MATERIAL PROVIDED: Begin

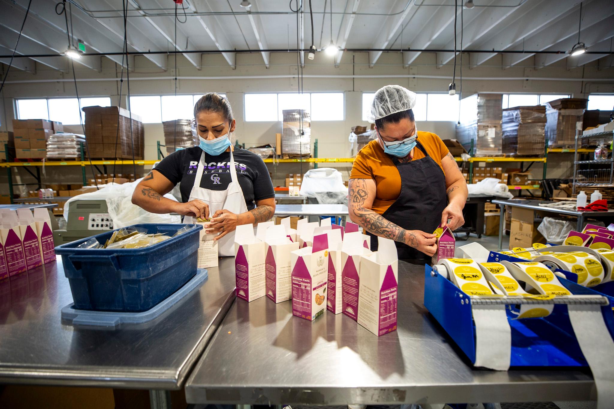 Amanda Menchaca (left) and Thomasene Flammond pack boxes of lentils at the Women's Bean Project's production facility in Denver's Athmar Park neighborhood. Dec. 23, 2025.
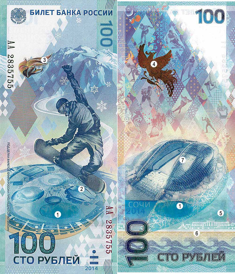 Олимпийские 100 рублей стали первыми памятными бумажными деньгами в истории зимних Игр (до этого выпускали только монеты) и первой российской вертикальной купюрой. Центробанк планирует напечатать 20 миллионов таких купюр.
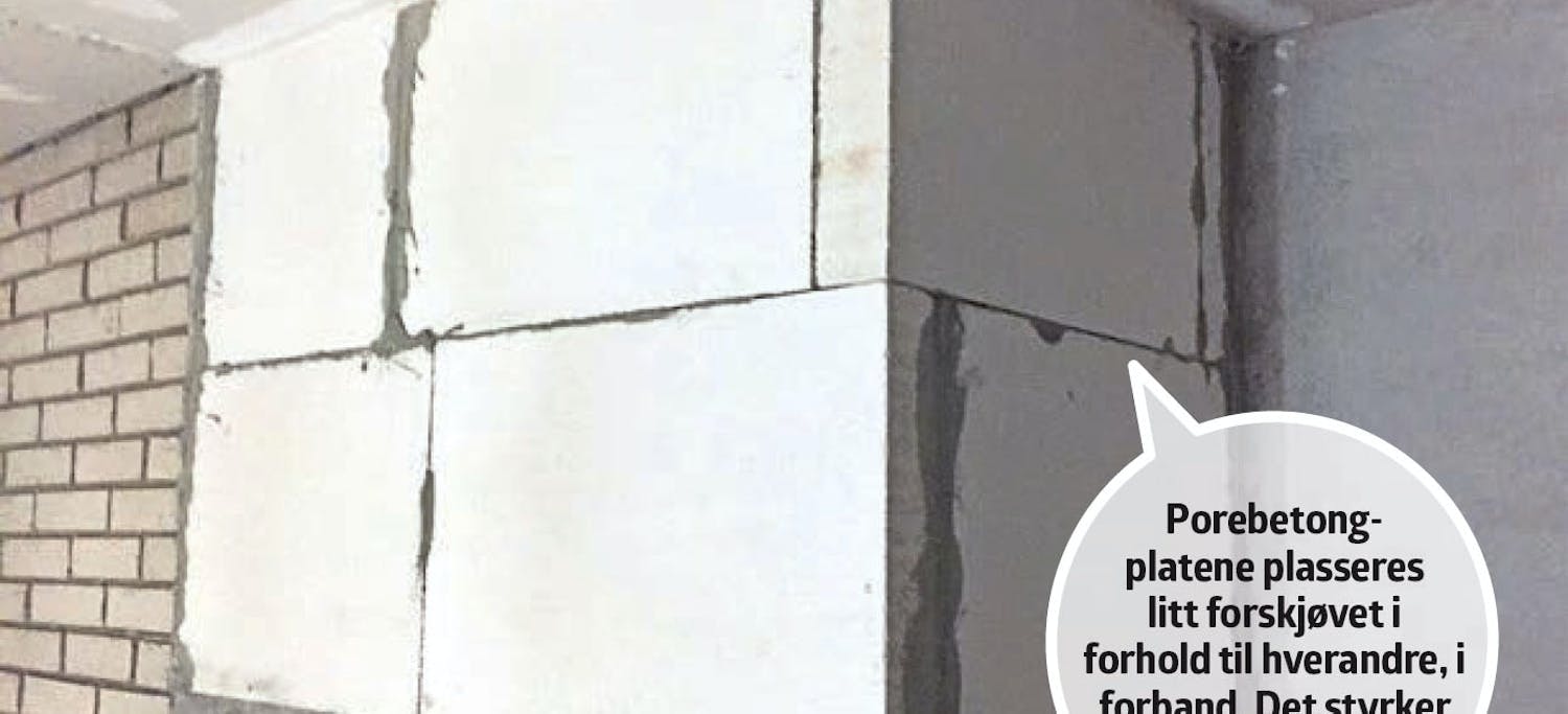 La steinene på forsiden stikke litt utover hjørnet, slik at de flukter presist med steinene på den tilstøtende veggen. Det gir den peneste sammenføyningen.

MATERIAL PROVIDED: End

WHAT YOU ARE ASKED TO DO =>
The lines running from the beginning of the listing above through the line that holds "Олимпийские 100 рублей" are to be duplicated exactly, both ends kept, pictures omitted.

COMPLETED TASK =>
 Amanda Menchaca (left) and Thomasene Flammond pack boxes of lentils at the Women's Bean Project's production facility in Denver's Athmar Park neighborhood. Dec. 23, 2025.
 Олимпийские 100 рублей стали первыми памятными бумажными деньгами в истории зимних Игр (до этого выпускали только монеты) и первой российской вертикальной купюрой. Центробанк планирует напечатать 20 миллионов таких купюр.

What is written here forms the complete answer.